Medical research in the United Kingdom

The formation of the National Institute for Health Research has made the field vastly stronger and the country is now placed second only to the USA, reports Mark Nicholls

Tom Walley
Tom Walley
Tom Walley
Tom Walley

The UK has a long record of medical research and a reputation that has grown considerably in this arena in recent years. Funding via the government, private organisations, industry and leading charities has led to a number of innovative breakthroughs benefiting patient treatment and care.
That process has been enhanced more recently with the creation of the National Institute for Health Research (NIHR) by the Department of Health, which has overseen NHS-based research, while the Medical Research Council (MRC) – established in 1913 – has continued to co-ordinate pre-clinical research. It works through its Council, scientific boards, and committees, in close partnership with Health Departments, other Research Councils and industry to identify and respond to the country’s current and future health needs. Individual projects have also benefited from EU funding.
However, since its establishment in 2006, the NIHR has increased the volume of applied health research, driven faster translation of basic science discoveries into tangible benefits for patients and supported the people who conduct and contribute to applied health research. It manages its activities through four main work strands: The NIHR Faculty, NIHR Research, NIHR Infrastructure and NIHR Systems.
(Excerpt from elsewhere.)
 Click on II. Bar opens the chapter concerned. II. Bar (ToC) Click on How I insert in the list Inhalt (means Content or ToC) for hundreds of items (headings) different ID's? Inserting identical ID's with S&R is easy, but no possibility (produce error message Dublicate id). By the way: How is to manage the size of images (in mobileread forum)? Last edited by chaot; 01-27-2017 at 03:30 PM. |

Professor Tom Walley, Director of the NIHR Evaluation, Studies and Trials Coordinating Centre, explained that, in the UK, government funding for medical research either goes to the NIHR via the Department of Health for National Health Service (NHS) research based in a clinical setting or the MRC in an annual grant via the Department for Business, Innovation and Skills (BIS) for pre-clinical research and basic science. ‘There is,’ he explained, ‘a degree of overlap between the two, for example when basic science moves into the NHS sphere for trials and there is a joint programme that covers this area.’
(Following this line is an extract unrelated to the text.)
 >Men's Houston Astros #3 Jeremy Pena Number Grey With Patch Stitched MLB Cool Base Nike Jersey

In addition there is funding from the pharmaceutical industry and through charities such as Cancer Research UK and the British Heart Foundation, which is often supported by the NIHR Infrastructure.
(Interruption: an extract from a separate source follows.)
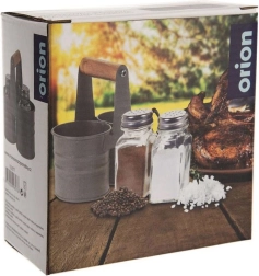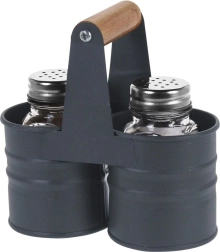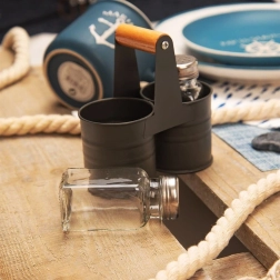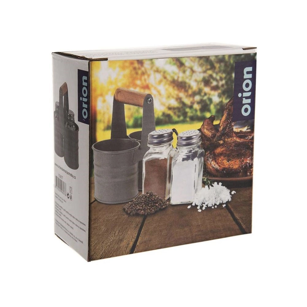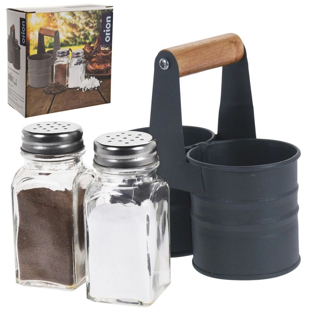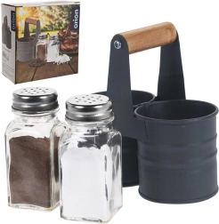 Elegantiškas druskinės ir pipirinės rinkinys su stikliniais indeliais praktiškame metaliniame stove su medine rankena. Kompaktiški matmenys 13 × 6 × 12,5 cm, kiekvieno indelio talpa 75 ml. Patogus dozavimas dėl perforuotų nerūdijančio plieno dangtelių, lengvas valymas ir universalus naudojimas namuose bei maitinimo įstaigose.

The NIHR is interested in applied research that will bring benefits to patients – for example the pulse oximetry study, led by Dr Andrew Ewer of the University of Birmingham, with findings published earlier this year. The study measured blood oxygen levels of more than 20,000 apparently healthy new-born babies across six UK maternity units and discovered a quick and painless test that can detect more cases of life threatening heart defects in new-born babies.
In addition, the CRASH-2 trial, led by Professor Ian Roberts from the London School of Hygiene and Tropical Medicine, found that early administration of tranexamic acid (TXA) in major trauma patients substantially reduced the risk of death.
Professor Walley said the current standing of UK medical research is second only to that of the USA, and added: ‘In terms of where we were 10 years ago and where we are now, medical research in the UK is vastly stronger since the creation of the NIHR. It gives better utilisation of funds that were already being put into medical research and the government has recognised that medical research can save money and improve care.
‘There are difficulties and challenges though; we have to change the culture in the NHS, which is not always research friendly, but our strength is in very strong basic science in the universities, good links with the pharmaceutical industries and the NHS providing a strong testing ground for research.’
The independent stream of research funding from charities in the UK remains vitally important and complements the objectives of the Research Councils and Government departments.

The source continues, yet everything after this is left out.